As for retiring, I made my "Bucket List" - 9 years ago and long before a movie by the same name was released or even written. Regardless of gender or marital status, one needs to have some kind of plan for those years after retirement.
I love this thread!!! My husband retired a year ago and I had been retired for 2.5 and love it. i am poor but love it. Big adjustment!!! Dh drives me crazy for a while but now after retirement he plays golf 4-6 days a week and so i have a lot of time alone. He loves to clear the garage and had donated 60 pairs of my shoes once and threatened to kick him out of the house if he does it again. I had to compromise that I clean my closet everytime our church has a garage sale and it had worked.
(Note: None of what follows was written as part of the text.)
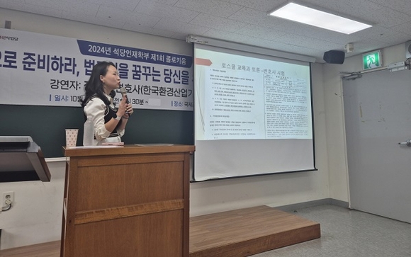석당인재학부는 ‘토론으로 준비하라-법조인을 꿈꾸는 당신을 위한 특별한 레시피’라는 주제로 한국환경산업기술원 장은진 변호사를 초청해 2024학년도 석당인재 콜로키움을 진행했다.

This message was edited May 9, 2009 1:28 PM
I so enjoy having my DH retired. He's so much happier and he can run the little
errands that were so difficult when we both worked. He takes the cats to the vet.
We used to run home, pack 'em up, go to the vet and get home after 8pm. He
can pick up the odds and ends from the grocery store or whatever so I can come
straight home or skip the trips on the weekend.
Yep - retirement can be wonderful.
Really nice to hear two reports of things working well in the retirement realm.